Сибирлетка (Повесть. Современная орфография) - Погосский Александр Фомич. Страница 11
На Руси-матушке, из многих обычаев, есть вот какой: когда в беседе или на миру заврет человек не свою силу, так что и концов не свести, — то все, что ни есть в беседе той и старого и малого, вдруг и сробеет; и смотрят на него во все глаза, как на дикаря какого или на зверя морского в лоханке, который, говорят, корабль проглотил. И никто не пикнет, пока из огорошенной толпы какой-нибудь Облом Иваныч отзовется во все российское горло: «ах ты, лешева дудка! Что колесишь-то, зверь ты язычливый!» Ну и все спохватятся и очнутся тогда: ахти зол врать, мол, сердечный!
Впрочем, если этот грех случится с почетным человеком — и с таким случается грех — то обыкновенно хозяин в минуту всеобщей робости произносит: «а не выпить ли водочки по этой причине!» или что-нибудь такое, — но уж не «лешеву дудку».

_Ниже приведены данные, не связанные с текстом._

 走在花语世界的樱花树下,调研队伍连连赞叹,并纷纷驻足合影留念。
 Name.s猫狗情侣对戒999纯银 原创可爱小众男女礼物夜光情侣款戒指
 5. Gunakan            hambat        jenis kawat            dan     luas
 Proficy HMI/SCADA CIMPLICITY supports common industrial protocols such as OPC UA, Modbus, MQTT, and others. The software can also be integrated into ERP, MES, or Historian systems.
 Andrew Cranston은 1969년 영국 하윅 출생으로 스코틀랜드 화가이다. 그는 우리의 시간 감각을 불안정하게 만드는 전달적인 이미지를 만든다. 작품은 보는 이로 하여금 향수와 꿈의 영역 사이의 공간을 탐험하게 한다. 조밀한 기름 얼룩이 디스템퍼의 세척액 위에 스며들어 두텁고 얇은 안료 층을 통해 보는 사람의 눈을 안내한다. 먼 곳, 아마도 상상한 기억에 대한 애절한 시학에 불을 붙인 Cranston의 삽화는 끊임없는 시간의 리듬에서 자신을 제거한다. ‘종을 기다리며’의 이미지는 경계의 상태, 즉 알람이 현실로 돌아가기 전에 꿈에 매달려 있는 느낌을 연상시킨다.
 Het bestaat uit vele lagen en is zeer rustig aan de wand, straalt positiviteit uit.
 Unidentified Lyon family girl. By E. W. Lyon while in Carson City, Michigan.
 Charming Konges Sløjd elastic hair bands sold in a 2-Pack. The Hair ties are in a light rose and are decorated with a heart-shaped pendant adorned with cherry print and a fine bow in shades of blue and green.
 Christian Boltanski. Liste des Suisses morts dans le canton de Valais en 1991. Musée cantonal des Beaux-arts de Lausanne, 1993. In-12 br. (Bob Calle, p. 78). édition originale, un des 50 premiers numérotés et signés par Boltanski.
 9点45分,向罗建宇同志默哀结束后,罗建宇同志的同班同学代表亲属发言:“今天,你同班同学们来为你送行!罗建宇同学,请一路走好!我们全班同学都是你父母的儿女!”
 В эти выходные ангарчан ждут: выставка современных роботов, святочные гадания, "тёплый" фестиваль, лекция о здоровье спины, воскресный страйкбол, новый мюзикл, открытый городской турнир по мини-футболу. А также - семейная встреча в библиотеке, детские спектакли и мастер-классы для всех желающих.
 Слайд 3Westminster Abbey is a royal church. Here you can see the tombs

Все молчали, как-то смущенно переглядывался между собою, а фельдшер качался и слушал о побоище великом, да не стерпевши и брякнул возгласом; «а что как все сии избиенные мертвецы на том свете вам, сударь, языки повысунут, да и учнут — яа, яа, яа!» — и высунув свой широкий, как лопата, язык, он закачался еще пуще; всеобщий смех едва сдерживался. Лаврентьич поскорей предложил хватить перед важным кушаньем и мигнул Облому Иванычу — «тащи-ко его, благодетеля-то под хреном!» Все выпили и вооружились вилками, в ожидании благодетеля, и чтоб как-нибудь замять медицинскую выходку и угрожающий смех, старик-унтер сказал что-то в пользу Сибирлетки: «А где ж ваш треножник-то, ведь в самом деле добрая скотинка должен быть он?»
«Верный, я вам доложу, и честнейший скот: хоть пироги дай ему караулить — не тронет!» — отвечал Лаврентьев.
«Уж будто и не тронет? — спросил-таки учебный, — сумительно что-то-с!»
«Вдохнет, а ни-ни — вот не понюхает!»
В это время Облом Иваныч, хватив наскоро стаканчик, простучал своей деревягой через комнату, забрал на кухне блюдо с благодетелем и торжественно вносил его на трапезу. Все взоры обратились туда… И вдруг мушкетер на всем ходу остановился, побагровел, устремил глаза на блюдо: как крутые берега куда-то утекшего озера, стояли холмы хрена по окраинам блюда, и как гладкая котловина того озера, лоснилось дно посудины, никакого благодетеля там не было!..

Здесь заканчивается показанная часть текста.